When asked in an interview in 2012 why he continued to implement these archaic tropes, Michael G. Wilson, an American producer and screenwriter who has been involved with every Bond film since 1964’s Goldfinger, said: “It’s very much a Fleming device that he uses throughout the films, the idea that physical deformity and personality deformity go hand in hand in some of these villains."

"Sometimes it’s a motivating factor in their life and what makes them who they are. He had that as part of the characters that he devised and it’s something we use from time to time, not all the time of course, just if it seems appropriate."

"The question is, with all the ideas of handicapped people being in the Olympics and things like that, it’s kind of an old idea but it’s just part of a writing tradition.”

In short, use of characters with disabilities is a part of a tradition and technique that Wilson is not willing to alter.

This stubborn aversion to change is a feeble excuse for continually belittling a faction of society. We live in a time where progression is chased, and the norm is constantly challenged. Technological innovations are heralded, new discoveries are celebrated, so why can’t our storytelling methods keep up?

In 1999, sociologist Tom Shakespeare wrote:

"The use of disability as character trait, plot device, or as atmosphere is a lazy short-cut. These representations are not accurate or fair reflections of the actual experience of disabled people. Such stereotypes reinforce negative attitudes towards disabled people, and ignorance about the nature of disability."

This is why these prejudicial images of disability remain in the entertainment industry. They provide writers with an opportunity to forego the usual efforts of developing a character’s persona and back-story as they feel that giving them a disability is enough.
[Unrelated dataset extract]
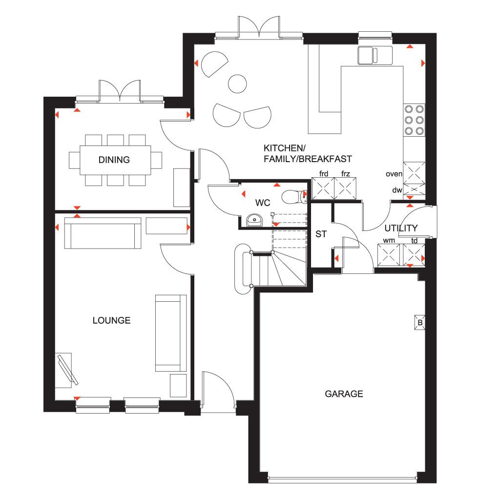 The hub of the home is a generous open-plan kitchen with breakfast and family areas also leading to the garden via french doors. A utility room adjacent to the kitchen has convenient access to the integral double garage. An elegant master bedroom with juliet balcony and full en suite is upstairs, along with three further double bedrooms and a family bathroom with shower.

As Shakespeare says, it’s simply a case of laziness.

But, by defining characters by their disability, they deny them the opportunity to exist beyond it. So, we see the same one-dimensional characters - adhering to one or more of Paul Hunt’s 10 stereotypes - appearing over and over again.

This acts to strengthen societal prejudices, shaping audience’s views of disability and continuing a vicious cycle of representation and acceptance which desperately needs to be broken.

Confounding confinement

Now, perhaps while reading this article you have wondered why I felt the need to comment on this issue? Then again, perhaps you didn’t, but I’m going to tell you anyway.

The vast majority of my experience with disability comes from my sister. She has a learning disability, epilepsy and cerebral palsy. However, I challenge anyone to even attempt to ignore her or confine her character to the role of ‘atmosphere’.

Whether she’s exercising her impressively loud vocal chords in an otherwise muted shopping centre, sneakily unwrapping and demolishing chocolates from underneath the tree on Christmas eve or requesting Mamma Mia, her favourite film, for the umpteenth time, she always ensures her presence is felt.

So, in my eyes, the most painful aspect of the use of disability as a character trait is the absence of the personality and warmth with which I am so familiar.

When telling people about her disability, it’s not unusual to be met with pitying faces, noises and statements.

The thing that these people are missing is the fact that she’s most likely having the time of her life somewhere just off-screen; swimming, going to a gig, going through old photos.

So, I can’t help but blame the media’s repeated representations of disability as pitiable for this automatic reaction, an awful and patronising ‘awww, bless her’ accompanied by some unnecessary words of comfort.

I can’t expect to instigate an instant global change in the film and television industry, but I can hope to contribute to one.

Hollywood, if you can hear me, please do away with these outdated, lazy stereotypes and invest in all your characters equally.